Prepare the data so that the model looks at past 15 minutes of data and predicts the price in 5 minutes, instead of in 1 minute.

# 4.1 BERT

In [None]:
from transformers import TFAutoModel

tiny_bert = TFAutoModel.from_pretrained('prajjwal1/bert-tiny', from_pt=True)

In [None]:
tiny_bert.compile(optimizer='adam',
                  metrics='accuracy'
                 )
tiny_bert.fit(X_train, y_train, validation_data=(X_val, y_val), shuffle=False, batch_size=32, epochs=3)

# 5. Results

In [None]:
def plot_loss_accuracy(history, title=None):
    fig, ax = plt.subplots(1,2, figsize=(20,7))

    # --- LOSS --- 

    ax[0].plot(history.history['loss'])
    ax[0].plot(history.history['val_loss'])

    ax[0].set_title('Model loss')
    ax[0].set_ylabel('Loss')
    ax[0].set_xlabel('Epoch')

    # ax[0].set_ylim((0,3))

    ax[0].legend(['Train', 'Validation'], loc='best')

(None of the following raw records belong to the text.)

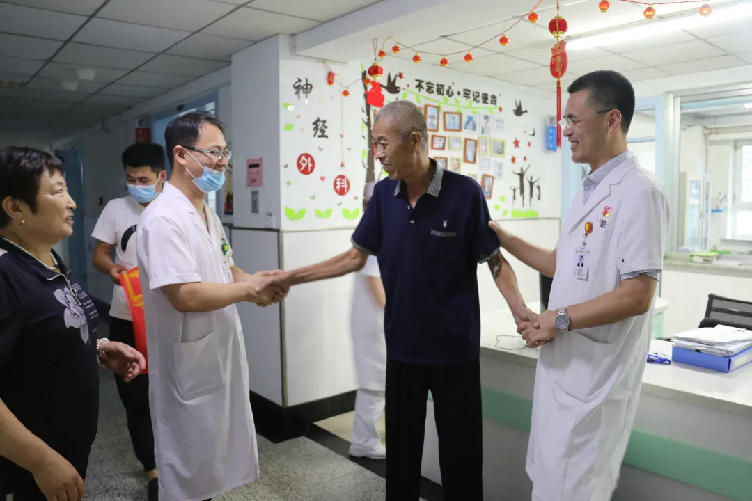 7月12日,丁大爷一家高高兴兴出院了,他说:“我现在头不晕了,腿不麻了,肿瘤摘除了,微创手术治好了我的病,感谢刘增良副院长和王宝庆副主任,感谢附属一院”。
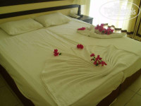 Заселились в отель быстро. На рессепшене у портье Аладина (он чуть-чуть говорит по- русски) попросили номер с видом на бассейн во внутренний дворик, на 1-ом этаже. Комната была №4107 (единственная у которой на балконе росли красивейшие цветы) и в номере работало всё. Убирались у нас каждый день, смена полотенец и постельного белья была тоже КАЖДЫЙ день. И постоянно делали из одеял на кровати разные бантики, кораблики…посыпали их живыми цветами (и это без всяких чаевых). В номере: кондиционер (над входом в комнату с пультом и встроенными часами с таймером), 2 кровати (или одна двуспальная), 2 тумбочки, раскладное кресло, трюмо с ящичками и зеркалом, мини холодильник с питьевой водой в бутылках (которые, каждый день докладывают. В день по 2 шт.), телевизор с ≈25-ми турецких и немецких каналами, также имеются 2 русских канала ОРТ и РТР планета. Показ различных сериалов отстает от московского, но Новости транслируют без задержек. Присутствовал шкаф с вешалками, сейф за доплату. В шкафу имеются пледы, для тех, кто замерзает. В с/у мыло встроенное есть всегда, шампуни приносит обслуга. Да, и фен не тащите, там он тоже есть, довольно мощный 1100 W мощности. Ванная комната действительно с ванной, туалетом, раковиной и большим зеркалом в полстены. Есть два телефона: один в комнате, другой в ванной.
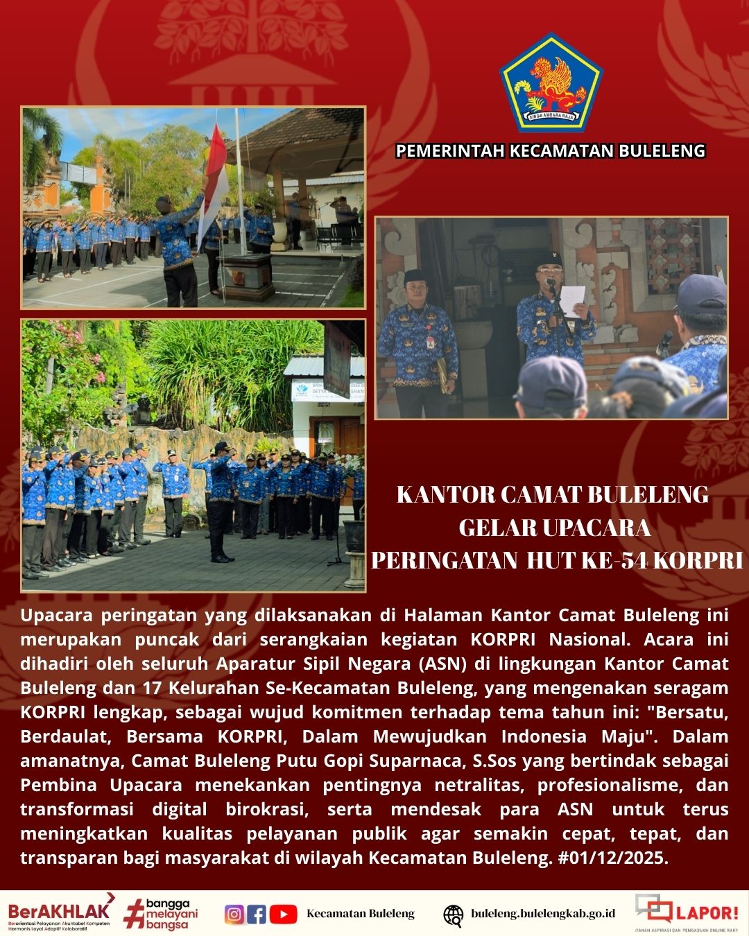 Buleleng, Senin 1 Desember 2025 — Dalam suasana pagi yang khidmat dan penuh rasa kebersamaan, Camat Buleleng Putu Gopi Suparnaca, S.Sos memimpin upacara peringatan Hari Ulang Tahun Korps Pegawai Republik Indonesia (KORPRI) ke-54 yang digelar di halaman Kantor Camat Buleleng.
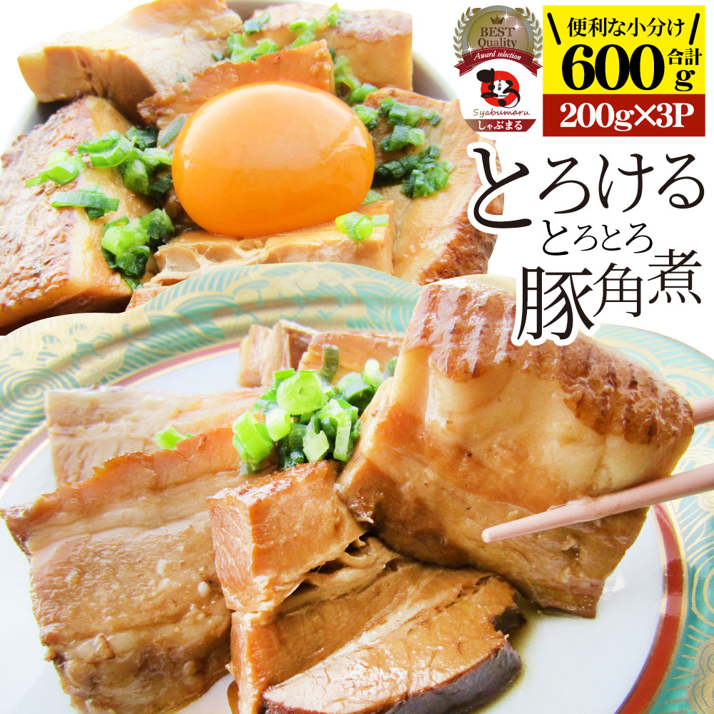 チャーシュー とろける豚角煮 600g(200g×3個) とろとろ 本格 手作り おつまみ 簡単 湯煎 調理済み 惣菜 オードブル 冷凍食品 おかず 弁当 爆買
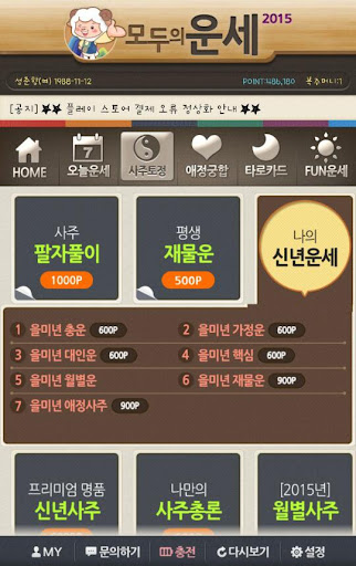 모두가 간편하게! 재미있게! 즐길 수 있는 모두의 운세 2015가 여러분을 찾아 왔습니다.
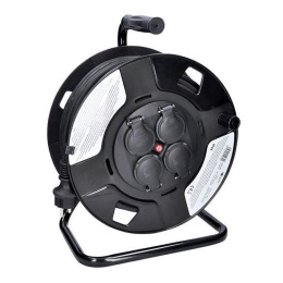 Predlžovací kábel na navíjacom bubne s dĺžkou 50 metrov a štyrmi zásuvkami je ideálny pre použitie vonku, na stavbách alebo v dielňach. Gumený kábel zabezpečuje odolnosť proti poveternostným podmienkam a mechanickému namáhaniu. Produkt je navrhnutý pre bezpečné a spoľahlivé pripojenie stavebných, záhradných aj menej náročných priemyselných zariadení.
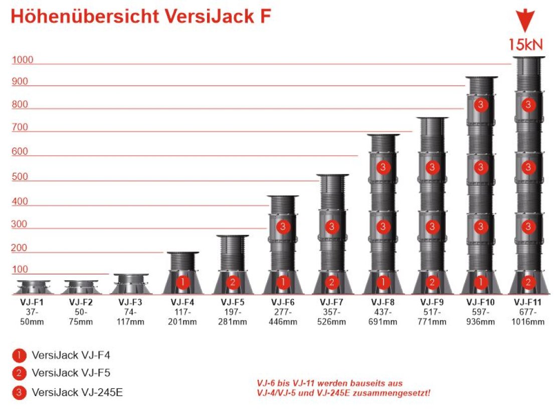 Mit VersiJack Stelzlager können Beläge aller Art, genau auf die gewünschte Höhe ausgerichtet werden. Eine Kies-, Splittschüttung entfällt. Ausblühungen sowie Algenbildungen entfallen. Das Wasser wird rasch durch die offenen Fugen abgeführt und der Belag ist stetig unterlüftet. Ein rascher Zugriff auf die Abdichtung oder Installation unter dem Belag ist immer gewährleistet.
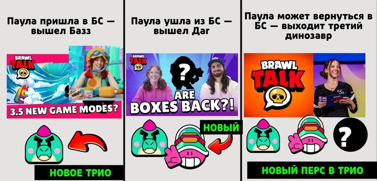 😄 Все было продумано Комьюнити заметило интересную цепочку событий, связанную с Паулой. Когда она пришла в игру, вышел Базз, когда Паула уходила с БС, вышел Даг, второй персонаж в трио. Сейчас она может вернуться в Brawl Stars, вместе с этим нашли бравлера-динозавра в файлах игры. Удивительное совпадение или план Supercell? ✅Новости по Clash Royale - ТЫК ✅Новости по Телеграмм подаркам, NFT - ТЫК Мир Supercell. Подписаться
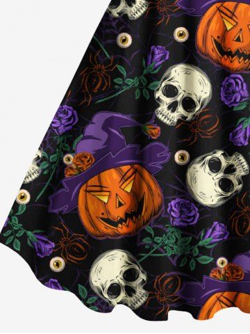 Plus Size Skull Pumpkin Flower Leaf Branch Print Halloween A Line Tank Dress - Black - M
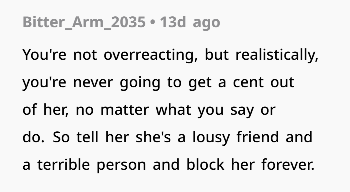 So I stood my ground. I told her if she didn’t pay, then this is what happens — you don’t get it back. Now the question: was I overreacting or was I just enforcing boundaries?

    ax[0].grid(axis="x",linewidth=0.5)
    ax[0].grid(axis="y",linewidth=0.5)

    # --- ACCURACY

    ax[1].plot(history.history['mae'])
    ax[1].plot(history.history['val_mae'])

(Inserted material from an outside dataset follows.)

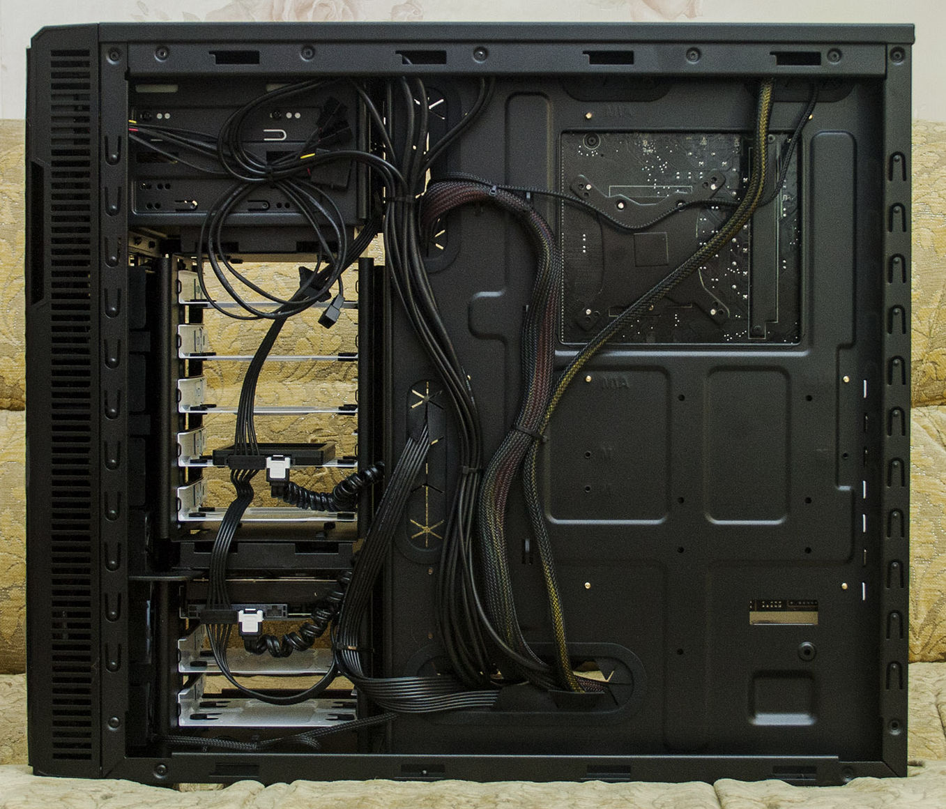Мой вариант кабельменеджмента. Не столь аккуратно, но я делал на расчёт быстрой замены или добавления комплектующих плюс не люблю сильно стягивать/растягивать/напрягать провода (да и некоторые разъёмы на матери, порой, боюсь, что отломятся от напряжения). Комп другу собирал.
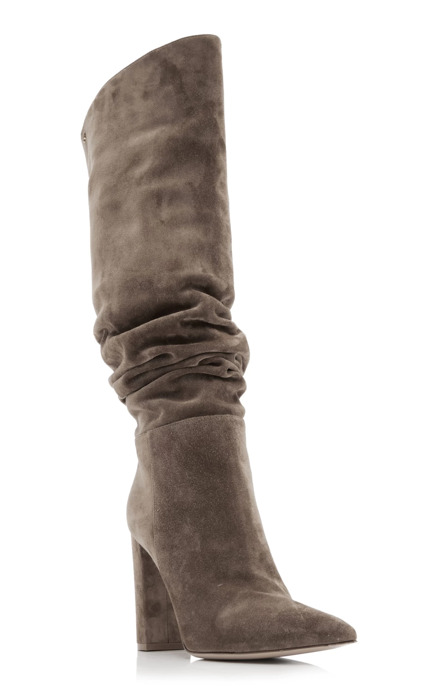 The ‘Piper’ boots have a slouchy silhouette made from buttery suede with pointed toes and a thick block heel for all-day comfort. The camel shade pairs with just about everything.

    ax[1].set_title('Model Accuracy')
    ax[1].set_ylabel('MAE')
    ax[1].set_xlabel('Epoch')

    ax[1].legend(['Train', 'Validation'], loc='best')

    # ax[1].set_ylim((0,1))

    ax[1].grid(axis="x",linewidth=0.5)
    ax[1].grid(axis="y",linewidth=0.5)

    if title:
        fig.suptitle(title)

In [None]:
plot_loss_accuracy(modelfit)

In [None]:
plot_loss_accuracy(history_big)

In [None]:
# Plotting the training and validation loss during model training
plt.plot(modelfit.history['loss'], 'r', linewidth=2, label='Training loss')
plt.plot(modelfit.history['val_loss'], 'g', linewidth=2, label='Validation loss')

# Set plot title and axis labels
plt.title('LSTM Neural Networks - BTC Model')
plt.xlabel('Epochs numbers')
plt.ylabel('MSE numbers')

# Display legend to distinguish between training and validation loss
plt.legend()

# Show the plot
plt.show()


In [None]:
X_test.shape

In [None]:
val_data[aim][window_len:]

In [None]:
# Extract the target values from the test dataset
targets = test_data[aim][window_len:]

# Make predictions using the trained LSTM model on the validation data
preds = model_big.predict(X_test).squeeze()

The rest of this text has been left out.